Exercise instructions: Leave the pictures out. Retype exactly the lines below from the one containing "Aumente sua prática" through the one containing "e jie jie |", and no others.

Raw data:

.....

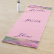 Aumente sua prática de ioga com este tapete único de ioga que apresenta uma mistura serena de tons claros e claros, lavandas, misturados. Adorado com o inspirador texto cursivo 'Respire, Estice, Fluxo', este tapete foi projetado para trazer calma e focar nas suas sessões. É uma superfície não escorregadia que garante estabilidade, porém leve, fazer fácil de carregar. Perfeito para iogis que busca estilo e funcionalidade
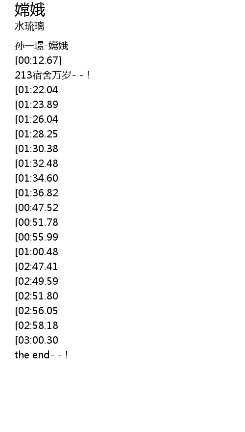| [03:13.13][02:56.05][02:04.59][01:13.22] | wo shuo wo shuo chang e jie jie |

.....

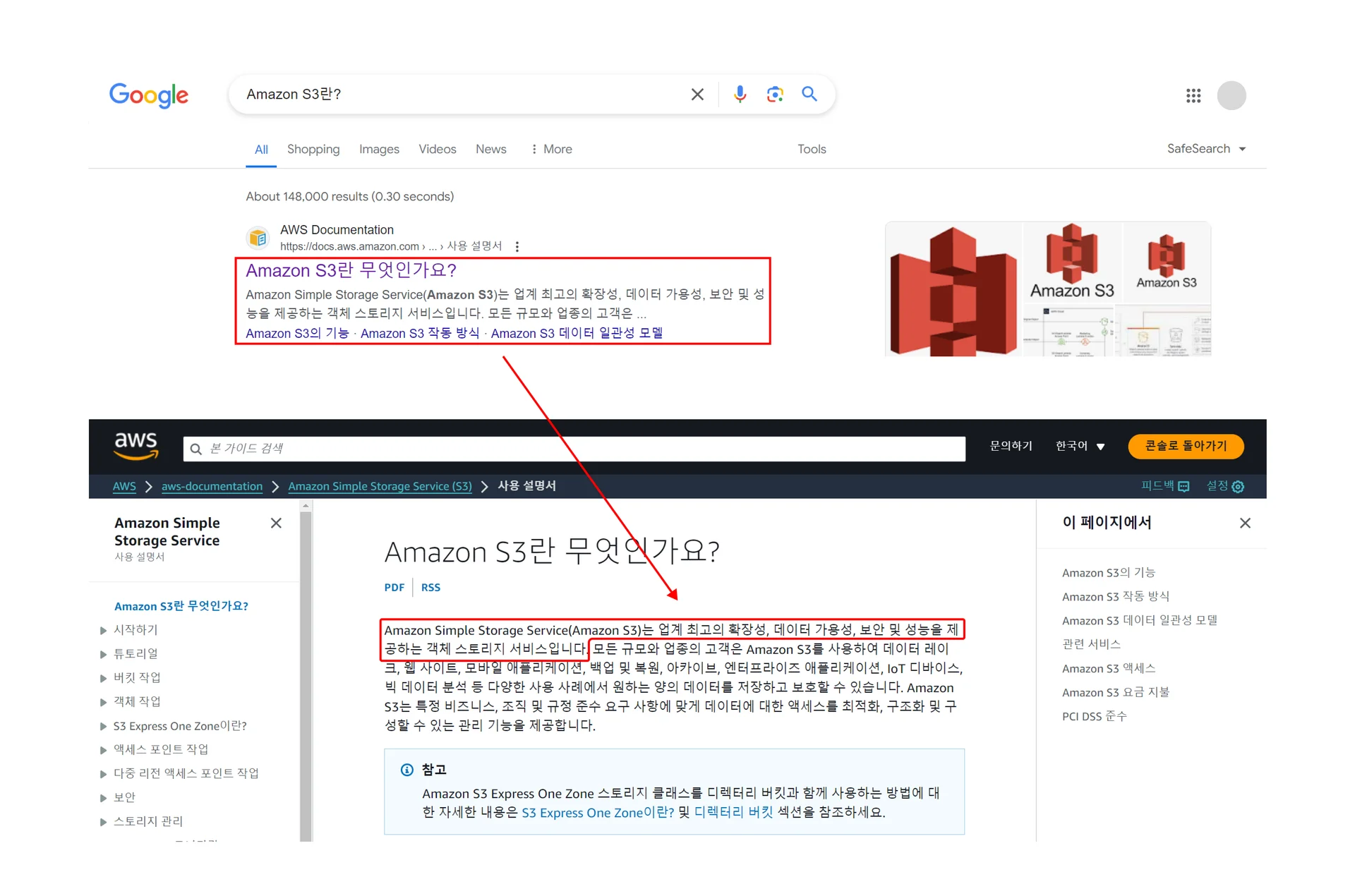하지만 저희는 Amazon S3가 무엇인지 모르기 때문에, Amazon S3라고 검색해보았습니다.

.....

Solution to the exercise:
 Aumente sua prática de ioga com este tapete único de ioga que apresenta uma mistura serena de tons claros e claros, lavandas, misturados. Adorado com o inspirador texto cursivo 'Respire, Estice, Fluxo', este tapete foi projetado para trazer calma e focar nas suas sessões. É uma superfície não escorregadia que garante estabilidade, porém leve, fazer fácil de carregar. Perfeito para iogis que busca estilo e funcionalidade
| [03:13.13][02:56.05][02:04.59][01:13.22] | wo shuo wo shuo chang e jie jie |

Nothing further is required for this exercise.